Restate the records that follow word for word. Omit the images.

* DATASET CONTENT:
^^^^^^^^

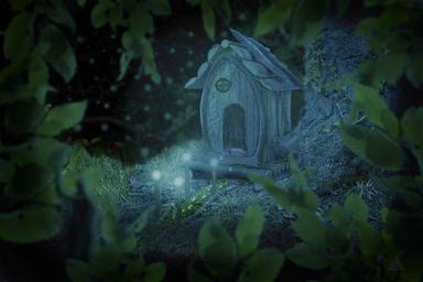 Keywords: fantasy dwarf dwarf house light lights background photo effect road leaf leaves dream mood blue green composing
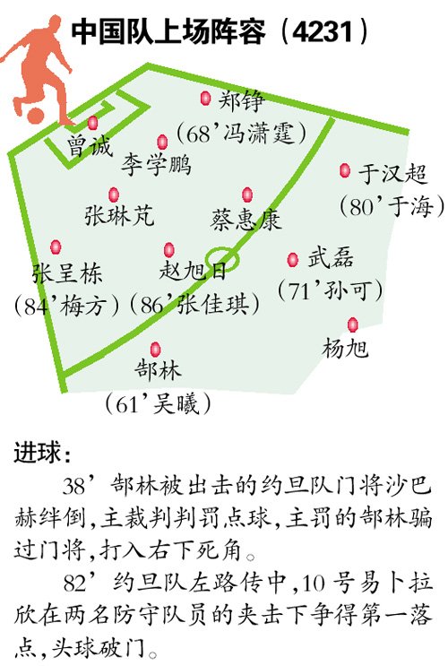 ¡¡¡¡ËäÈ»ÔÚ±ÈÈüÄ©¶Î±»Ô¼µ©¶Ó°âƽ£¬ËäÈ»·ÀÊØÎÊÌâÒÀÈ»Ã÷ÏÔ£¬µ«ÐÂÒ»ÆÚ¹ú×ãµÄ±íÏÖÓÈÆäÊǽø¹¥·½ÃæµÄ½ø²½£¬»¹ÊÇÈÃÈË¿´µ½Ã÷ÄêÑÇÖÞ±µÄÏ£Íû¡£×òÍí£¬Ãæ¶ÔÊÀ½çÅÅÃûλ¾ÓÑÇÖÞµÚ4µÄÔ¼µ©¶Ó£¬Öйú¶Óƾ½èÛ¬ÁÖ·£½øµãÇòÁìÏÈ£¬Ä©¶Î±»¶ÔÊÖ°âÆ½£¬×îºóÊÕ»ñÒ»³¡Æ½¾Ö¡£
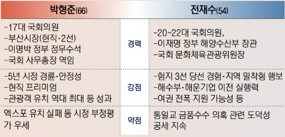 한 정치권 관계자는 “최근 여론조사 흐름만 보면 전 의원이 박 시장에 비해 우세한 것처럼 보이지만 부산은 보수 색채가 짙은 곳이라 막판 변수가 항상 있다”며 “보수 유권자들이 투표장에 얼마나 나오느냐가 결국 승패를 가를 것”이라고 전망했다.
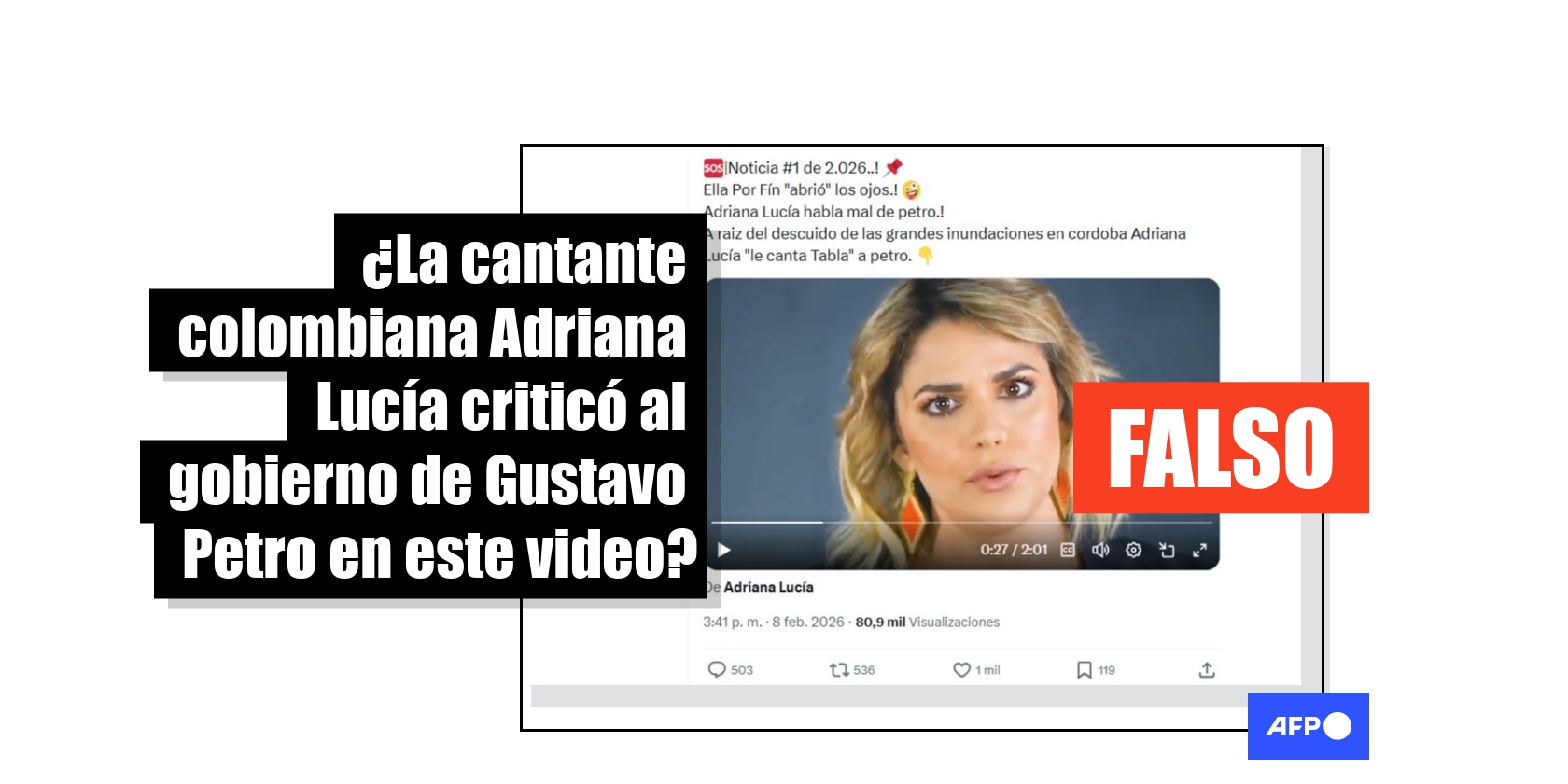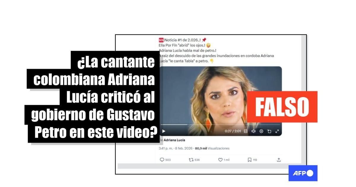 Colombia declaró emergencia climática en febrero de 2026 por fuertes inundaciones que azotan el norte del país, especialmente al departamento de Córdoba. En ese contexto, más de 7.000 usuarios en redes sociales han compartido un video de la cantante colombiana Adriana Lucía en el que supuestamente se queja de la gestión del mandatario Gustavo Petro, a quien apoyó en campaña. Pero el video de la artista data de 2019, cuando promocionaba una protesta contra el entonces presidente Iván Duque.
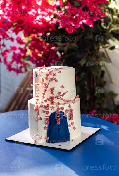 Милый белый двухъярусный вкусный торт на синем столе. Сладость украшена розовыми цветами

^^^^^^^^

* OUTPUT FOR THIS EXERCISE:
 Keywords: fantasy dwarf dwarf house light lights background photo effect road leaf leaves dream mood blue green composing
 ¡¡¡¡ËäÈ»ÔÚ±ÈÈüÄ©¶Î±»Ô¼µ©¶Ó°âƽ£¬ËäÈ»·ÀÊØÎÊÌâÒÀÈ»Ã÷ÏÔ£¬µ«ÐÂÒ»ÆÚ¹ú×ãµÄ±íÏÖÓÈÆäÊǽø¹¥·½ÃæµÄ½ø²½£¬»¹ÊÇÈÃÈË¿´µ½Ã÷ÄêÑÇÖÞ±µÄÏ£Íû¡£×òÍí£¬Ãæ¶ÔÊÀ½çÅÅÃûλ¾ÓÑÇÖÞµÚ4µÄÔ¼µ©¶Ó£¬Öйú¶Óƾ½èÛ¬ÁÖ·£½øµãÇòÁìÏÈ£¬Ä©¶Î±»¶ÔÊÖ°âÆ½£¬×îºóÊÕ»ñÒ»³¡Æ½¾Ö¡£
 한 정치권 관계자는 “최근 여론조사 흐름만 보면 전 의원이 박 시장에 비해 우세한 것처럼 보이지만 부산은 보수 색채가 짙은 곳이라 막판 변수가 항상 있다”며 “보수 유권자들이 투표장에 얼마나 나오느냐가 결국 승패를 가를 것”이라고 전망했다.
 Colombia declaró emergencia climática en febrero de 2026 por fuertes inundaciones que azotan el norte del país, especialmente al departamento de Córdoba. En ese contexto, más de 7.000 usuarios en redes sociales han compartido un video de la cantante colombiana Adriana Lucía en el que supuestamente se queja de la gestión del mandatario Gustavo Petro, a quien apoyó en campaña. Pero el video de la artista data de 2019, cuando promocionaba una protesta contra el entonces presidente Iván Duque.
 Милый белый двухъярусный вкусный торт на синем столе. Сладость украшена розовыми цветами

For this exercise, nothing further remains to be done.